Hi everyone! Prefect 2.20.0. What are the best pra...
# ask-community
g
Hi everyone! Prefect 2.20.0. What are the best practices for CI/CD dags deployments? Given what I’ve seen here and there, I ended up in following: I’ve created my flows with this structure
Copy code
@flow(name=DAG_NAME, retries=0, retry_delay_seconds=30, description=f"It runs {DAG_NAME}")
def flow_entrypoint():
    some code


if __name__ == "__main__":
    args = check_arguments()
    if args.build_deploy:
        build_deploy(flow_entrypoint, DAG_NAME, DAG_NAME, ENV,
                     f"<flow_script_path>:flow_entrypoint", schedule=SCHEDULE, tags=["a", "b"])
    else:
        flow_entrypoint()
where build_deploy is
Copy code
def build_deploy(flow: Flow, deployment_name: str, work_queue_name: str, storage: str, path: str, schedule: str = None,
                 parameters: dict = None, tags: list = None, priority: int = 1, work_queue_concurrency: int = 1,
                 work_pool_name: str = "default-worker-pool"):
    asyncio.run(create_or_update_work_queue(work_queue_name, priority, work_queue_concurrency, work_pool_name))
    flow.from_source(S3Bucket.load(storage), path) \
        .deploy(name=deployment_name, work_pool_name=work_pool_name, work_queue_name=work_queue_name,
                schedule=CronSchedule(cron=schedule, timezone="UTC") if schedule else None, parameters=parameters,
                tags=tags)
I then save all flows in a bucket and then I created a service in the Prefect instance to pull the flows scripts from the bucket and execute
Copy code
python <path to flow script> --build-deploy
the service is scheduled to run every X hours. I have the feeling this approach is not scalable and the more flows you write the longer the service will run, which means at some point is may overlap one run to the next one. Is it the right approach?
any help would be appreciated 🙏
s
I'm not sure what the best practices are but they way we're doing it: • flows/ • deployments/ • for every flow, there is a deployment.py dealing specifically for that flow • on flow code change: ◦ ci syncs code to storage • on deployment code change: ◦ ci runs those deployment scripts to the staging workspace (i.e. deploy to server/cloud) Current issues: • if you have many deployments in the same file for the same flow - it can be slow. Maybe you are only tweaking parameters for one deployment but it would deploy n. We are thinking about breaking each deployment to it's own file (when there are many).
deployment example:
Copy code
from prefect import deploy
from prefect.client.schemas.schedules import CronSchedule
from flows import flow

from utils.deployment_defaults import (
    default_tags,
    default_storage,
    default_work_pool,
)

is_schedule_active = bool(get_env() == "production")

deploy_a_params = {}
deploy_n_params = {}

entrypoint = "path/to/entrypoint:entrypoint"

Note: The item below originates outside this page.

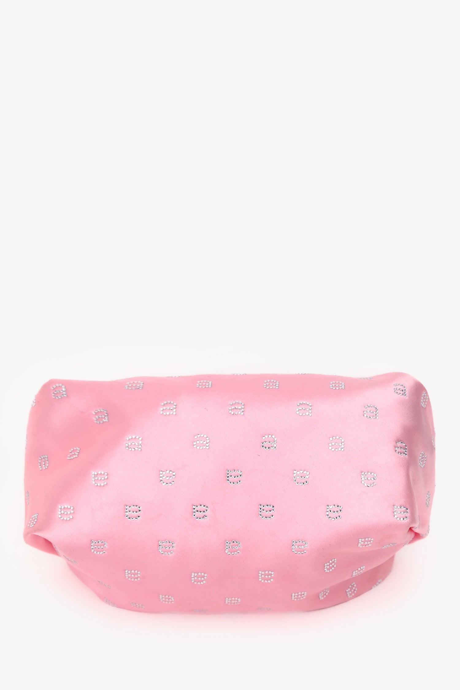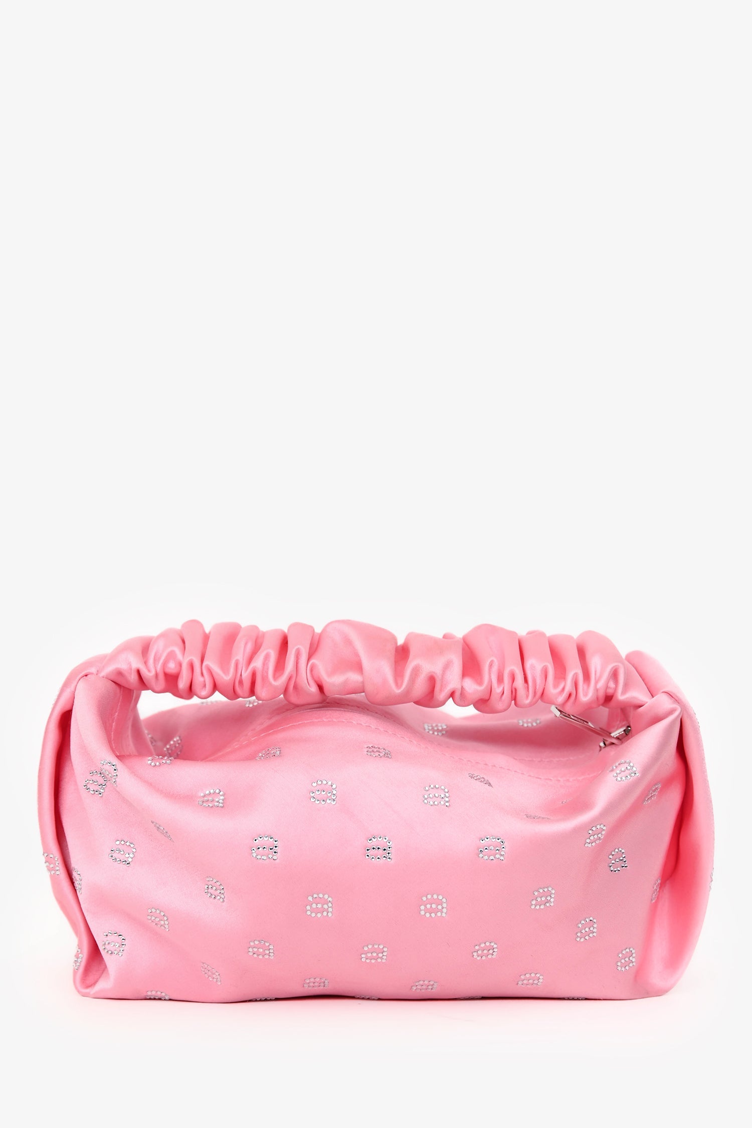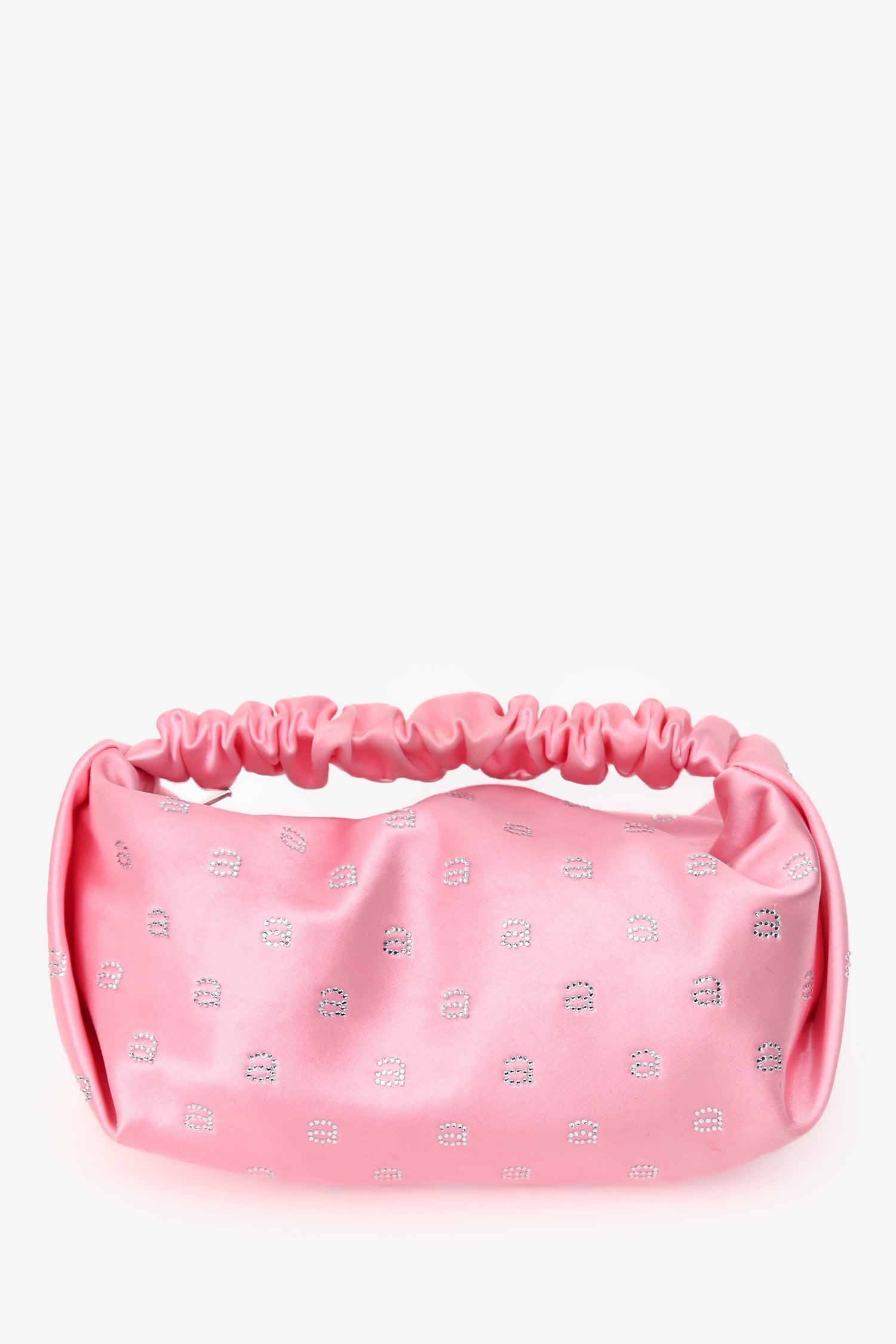 Alexander Wang Pink Satin Monogram 'Mini Scrunchie' Top Handle. Top zip closure. Textile-lined interior. Open interior. Silver-tone hardware. Tonal stitching.

if __name__ == "__main__":
    deploy(
        flow.from_source(
            source=default_storage,
            entrypoint=entrypoint,
        ).to_deployment(
            name="deployment_a",
            tags=[*default_tags],
            parameters=deploy_a_params,
            enforce_parameter_schema=True,
        ),
        flow.from_source(
            source=default_storage,
            entrypoint=entrypoint,
        ).to_deployment(
            name="whatever",
            tags=[*default_tags, "has-schedule"],
            parameters=deploy_n_params,
            schedules=[
                CronSchedule(
                    cron="40 4 * * *",
                    timezone="Europe/London",
                ),
            ],
            is_schedule_active=is_schedule_active,
            enforce_parameter_schema=True,
        ),
 work_pool_name=default_work_pool,
        print_next_steps_message=False,
    )
g
Hi @Stephen Herron, how do you mange the continuous deployment? How often do you deploy? I understand it is impossible to call deploy on many flows otherwise Prefect is overloaded. You need to call it sequentially (or with some degree of parallelism but not fully parallel) which means it takes time and the more you add flows the more will be the time needed to finish the deployment of all flows
it looks like a Prefect limitation. Anyone from Prefect team can confirm/deny/suggest?